In addition, in the manufacture of automobiles, particularly passenger cars, various high-strength steels or profiles are often used in order to reduce the weight of the automobiles and to provide good flow line appearance to the automobile bodies. In particular, in recent years, an unequal thickness plate (also referred to as a differential thickness plate) based on a laser welding technique has been widely used as a structural material of a vehicle body or a door. The main bearing part is generally made of a steel plate with larger thickness, the secondary bearing part or the part without bearing force is generally made of a thinner steel plate, the main bearing part and the secondary bearing part are connected by laser welding to ensure the strength of the structural part, and finally, the structural part is formed by punching.

In addition to the unequal thickness plates, the covering panels and the roof panels of the automobile, the frame structure of the automobile body, and the like are also formed by processing plates. In fact, there is a problem of how to reduce the weight of a vehicle and improve transportation efficiency not only in automobile manufacturing but also in manufacturing of aerospace vehicles, ships, high-speed trains, and the like. The best technical route for reducing the self weight of the components is to adopt high-strength steel or even ultrahigh-strength steel. However, this technical route has a major problem in that the welding characteristics and the punching characteristics of the high-strength steel or the ultra-high-strength steel are insufficient, and thus it is difficult to achieve both high strength and good processing characteristics.

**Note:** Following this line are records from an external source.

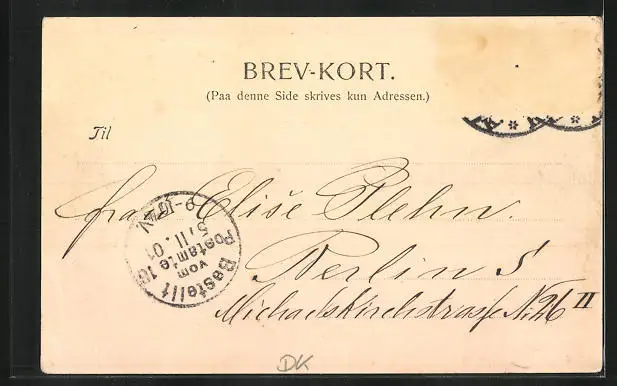 gelaufen 1901, Briefmarke entfernt, Eckknick re. unten, Bugspuren re. oben u. unten, Stempelspur, guter Zustand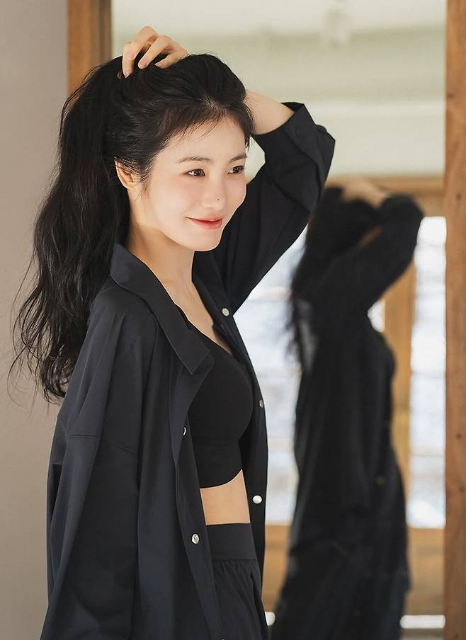 공개한 사진에서 신예은은 긴 웨이브 헤어 스타일에 탄탄한 복근이 드러난 블랙 컬러의 브라톱과 롱 플리츠 스커트를 입고 블랙 셔츠를 매치한 올 블랙 스타일로 소녀에서 숙녀미로 변신한 여성미를 드러냈다.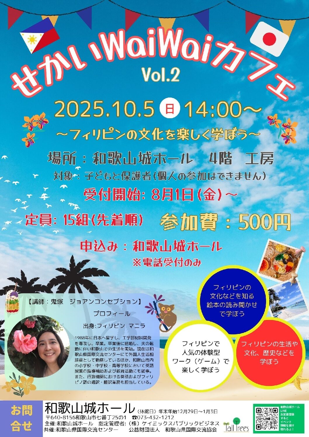 「本イベントは、直接、和歌山城ホールまで電話でお申し込みください(先着順)。 ◎和歌山城ホール TEL:073-432-1212 なお、本イベントの参加対象は子どもとその保護者となります。子どもだけ、大人だけなどの単独で […]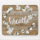 Bauernhaus Inspiration II von Jennifer Paxton Parker. Das Wort "atmen" in kursiver Form neben einem Baumwollkranz und Holzplankenhintergrund.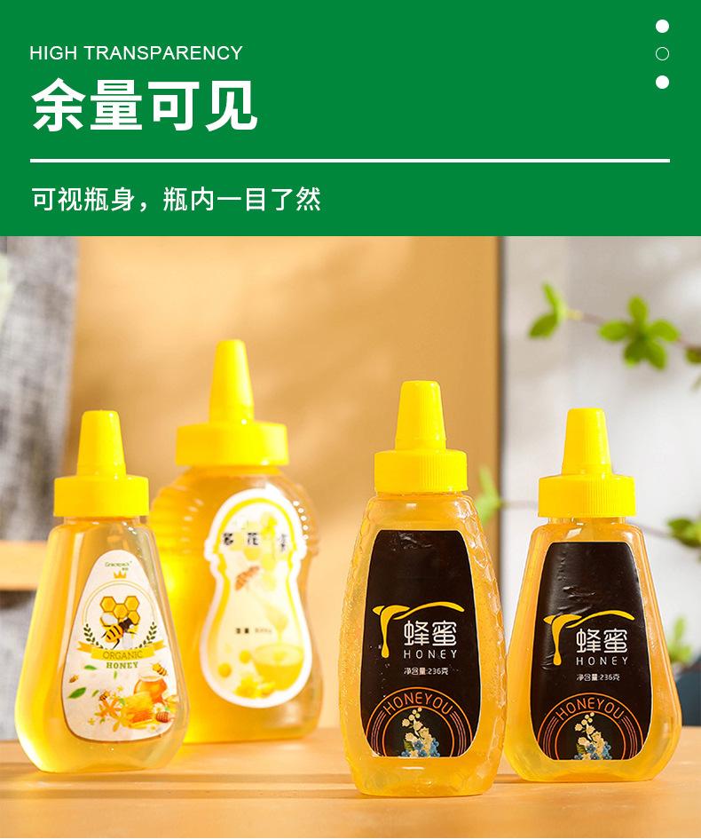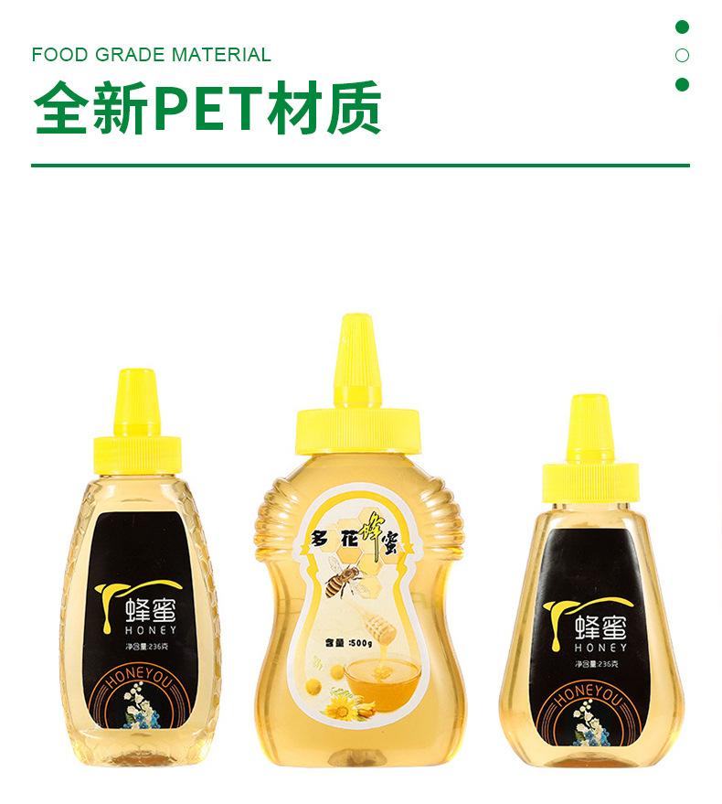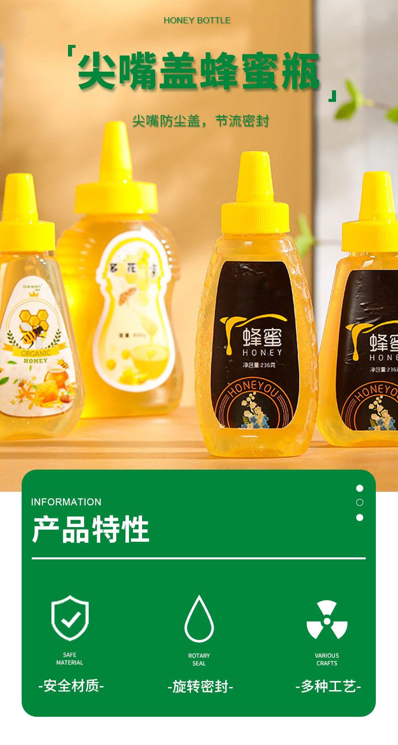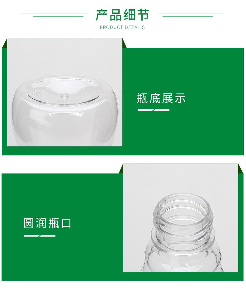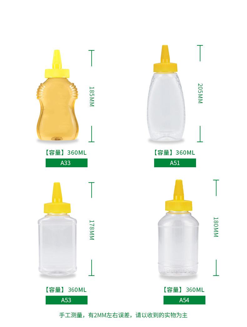 Botella de plástico de grado alimenticio, transparente, de 360 ml, para jarabe de mascotas, sellada, de 1 kg y 500 g, con tapa puntiaguda.

Therefore, on the premise of ensuring safety, how to further reduce the thickness of the plate and improve the performance of the plate becomes a target for pursuing by the industry of vehicle manufacturing such as airplanes, space shuttles and automobiles. Therefore, there is a need for a material having both high strength and high rigidity and having good weldability and punching properties. Obviously, the conventional metallic materials cannot satisfy the above requirements.

Disclosure of Invention

The invention aims to provide a metal prefabricated material and a preparation method thereof, wherein the prefabricated material has the characteristics of high ductility and weldability of a metal equilibrium structure, high strength and high wear resistance of a metal reinforced structure, high toughness and light weight.

The invention provides a metal prefabricated material which is characterized in that a matrix of the material is metal or alloy, allotropic isomeric reinforced phases obtained by selective strengthening and toughening treatment are distributed on the matrix, and the material not only has high ductility and weldability of a metal equilibrium structure, but also has high strength and high wear resistance of a metal metastable structure under the condition of keeping the weight of the matrix basically unchanged.

The invention provides a preparation method of a metal prefabricated material, which is characterized in that an energy beam/field comprising a high-power laser beam or an electron beam, an ion beam and an induction heat source is adopted, the energy beam/field is utilized to carry out selective toughening treatment on a metal or alloy material, an isomerous reinforcing phase is obtained on a matrix of the metal or alloy material, and the metal or alloy material not only has ductility and weldability of a metal equilibrium structure but also has high strength and high wear resistance of a metal metastable structure under the condition of keeping the weight of the matrix basically unchanged.

The substrate can be a plate with equal thickness or different thicknesses; the substrate can be made of steel materials, and can also comprise non-ferrous metal materials such as aluminum alloy, titanium alloy and the like.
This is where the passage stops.